Yuri Slobodyanyuk's blog on IT Security and Networking sharing experience and expertise

RIPE database query for a route object, or why my network is not advertised via BGP to the world

Once it was a nice-to-have configuration that most ISPs in the world ignored anyway, but today it is a must if you are planning to advertise your networks via BGP through your uplink provider – your route object in the AS whois database of the uplink provider.

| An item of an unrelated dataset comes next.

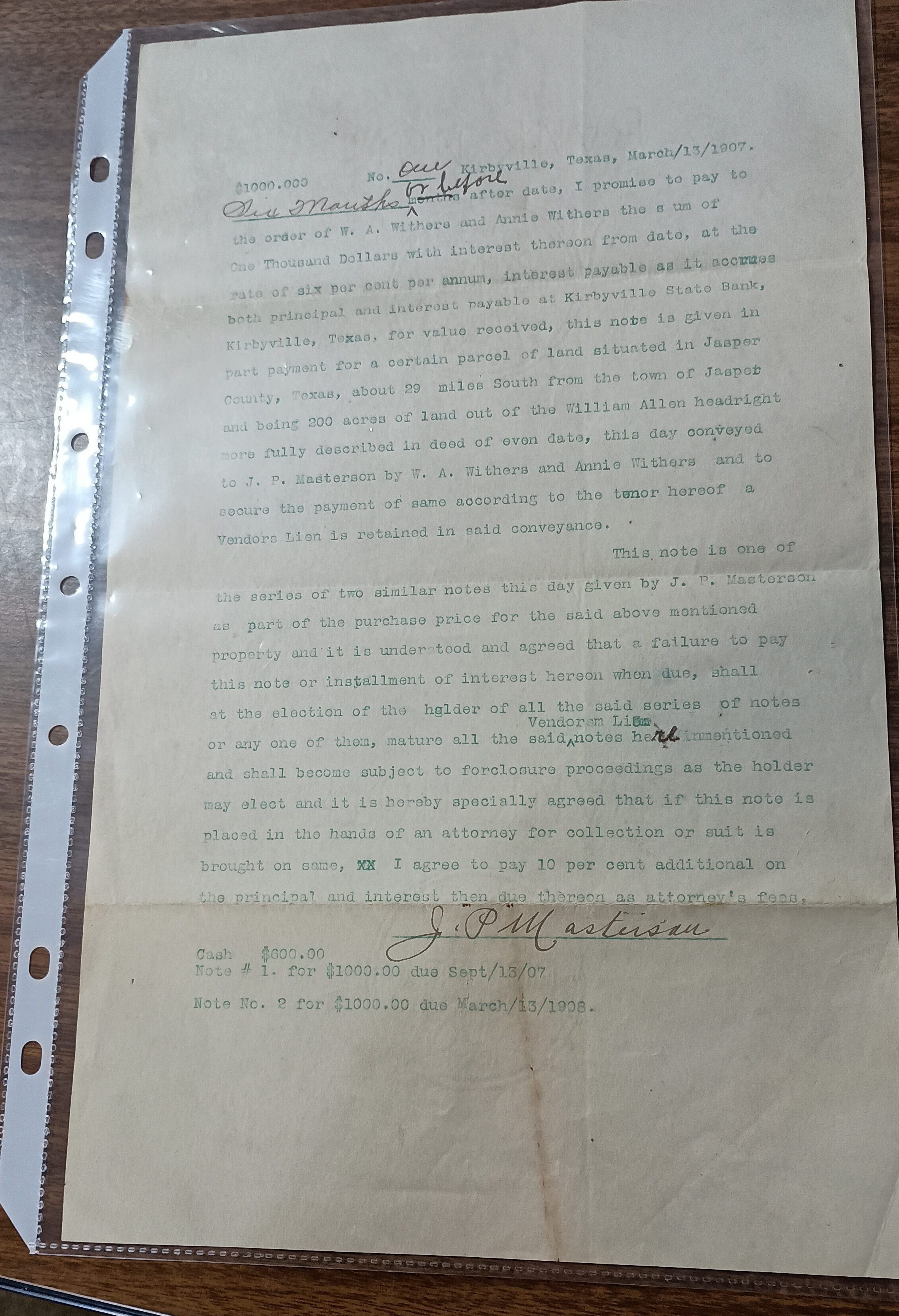 Loan Note 1 dated March 13, 1907 for $1000 payable to W.A. Withers for a parcel of land signed by J.P. MastersonTags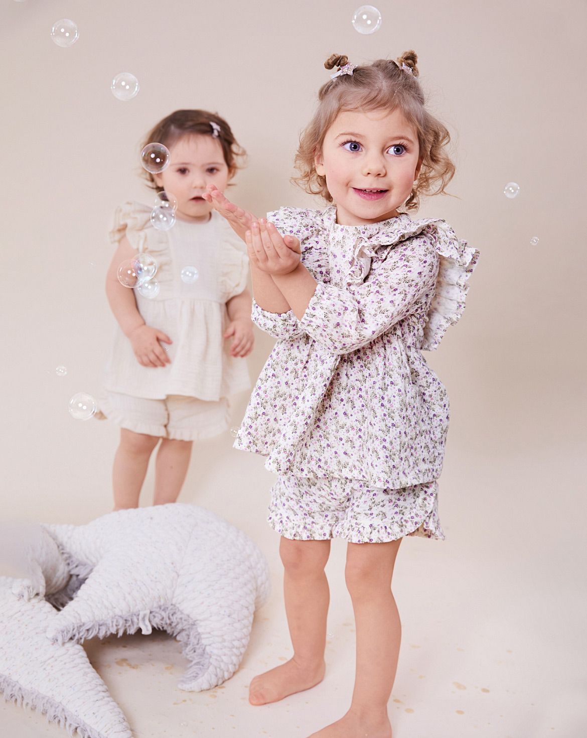Zauberhafte Sommerlooks für kleine Trendsetter: Die Tunika sitzt bequem, überzeugt mit aparten Volants und zartem Lavendelprint – in Uni wird das ärmellose Oberteil besonders schön betont. Dazu passen die Shorts in Vanilla-Creme mit Rüschen und Gummibund, die aus weichem Musselin angenehm zu tragen sind. Zusammen entsteht ein entzückender Zweiteiler, der Mini-Me’s spielend stylisch durch den Sommer begleitet.

If not – you will happily advertise your networks, the uplink provider will duly advertise them to its uplink peers, which will check AS registry database of your provider and not finding this route object will silently drop the advertising.
Of course it is duty of your transit ISP provider to update their records with your network, but after all, you are the one most interested – so as they say in Russian ” Доверяй но проверяй ” , and here is how to do it:
whois -h whois.ripe.net — ‘-a -r -i or -T route AS1680’ | grep route
In this example I assume your uplink provider is Netvision with AS1680 , replace AS number with the correct one.
Output will look like:

If you don’t find in such listing your network – Houston, you have a problem here.


  1. Of course, this is highly dependent on the policies of your upstream ISP, and how they build their BGP customer facing filters. It could be more unified in Europe, but in the US, it is a total hodge-podge, no two providers do things quite the same.

  2. Hello Yuri,

    Is there anywhere a tutorial of how to update/1st time create a route object?
    It’s a mist-full topic for many network engineers I met all these years.

  3. Yuri

    May 15, 2014 at 9:01 pm

    Thanks Doug for insight, I actually thought that US with all the compliance/audit/public visibility stuff would be strict about that 🙂
    With the particular case I didn’t go and check every upstream ISP, but did check Tiscali and Telia – both were filtering out
    client’s nets because of the missing whois database entry.